Data Import Handler – How to import data from SQL databases (part 2)

In the first part we were able to index the information contained in the database. In the second part we will try to extend the functionality by adding incremental imports.

There was a little over 1 million documents, and the import took less than half an hour. In principle, there could we end the issue of data import, but imagine that we would like this data to be indexed on an ongoing basis, as far as they change in the source. I won’t be, of course, true RTS (real time search) – there will be interval between the change in the data and time they will be indexed in the search system, but let’s assume that update every hour is sufficient. The first thing we must do in order to implement incremental indexing the database preparation.

Database preparation

Incremental indexing needs to obtain information from the database – what documents have changed since the last indexation. If we are lucky, such data is available – if you are unlucky, you must modify the existing database structure. Depending on the database structure we have several options. In our practice we used most often:

adding an additional column with the exact date of last modification, which were automatically updated (eg trigger or default/update it in mysql), or (worse solution) manually (by application)
create a queue of orders – to write (eg with a trigger) revised identifiers of the documents in a separate table

In both solutions we need to pay attention to the changes of all entities that are included in the document.
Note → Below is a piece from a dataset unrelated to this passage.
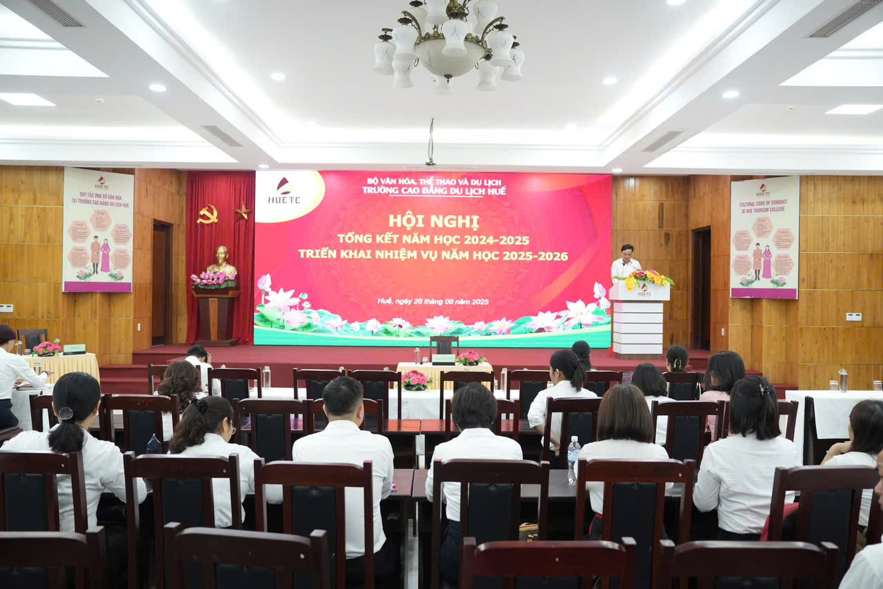 Hội nghị tổng kết năm học 2024–2025 và triển khai nhiệm vụ năm học 2025–2026 đã diễn ra nghiêm túc, hiệu quả, khẳng định quyết tâm đổi mới và phát triển toàn diện của Nhà trường. Với những thành quả đạt được và định hướng rõ ràng cho năm học mới, Trường Cao đẳng Du lịch Huế tiếp tục khẳng định vị thế là cơ sở đào tạo nghề uy tín, đáp ứng yêu cầu nguồn nhân lực chất lượng cao trong thời kỳ hội nhập và chuyển đổi số, đồng thời phát huy tinh thần đoàn kết, sáng tạo để xây dựng Nhà trường ngày càng vững mạnh và bền vững./.

Returning to our example from the first part of the article (Polish wikipedia, imported into a PostgreSQL database, the mediawiki application tables), our structure looks like this:

Table “page“:

Column	Type	Modifiers
page_id	integer	not null default nextval(‘page_page_id_seq’::regclass)
page_title	text	not null
page_restrictions	text
page_counter	bigint	not null default 0
page_is_redirect	smallint	not null default 0
page_is_new	smallint	not null default 0
page_random	numeric(15,14)	not null default random()
page_touched	timestamp with time zone
page_latest	integer	not null
page_len	integer	not null
titlevector	tsvector

Table: “revision“:

Column	Type	Modifiers
rev_id	integer	not null default nextval('revision_rev_id_seq'::regclass)
rev_page	integer
red_text_id	integer
rev_comment	text
rev_user	integer	not null
rev_user_text	text	not null
rev_timestamp	timestamp with time zone	not null
rev_minor_edit	smallint	not null default 0
rev_deleted	smallint	not null default 0
rev_len	integer
rev_parent_id	integer

Table: “pagecontent“:

Column	Type	Modifiers
old_id	integer	not null default nextval('text_old_id_seq'::regclass)
old_text	text
old_flags	text
textvector	tsvector

The first table contains a column “page_touched” Second: “rev_timestamp” what appears to be exactly what we need: the date of modification. The third table does not have such a field, but contains the texts for a specific version of the page – these texts do not change over time – when a user modifies a page, there is only the new version.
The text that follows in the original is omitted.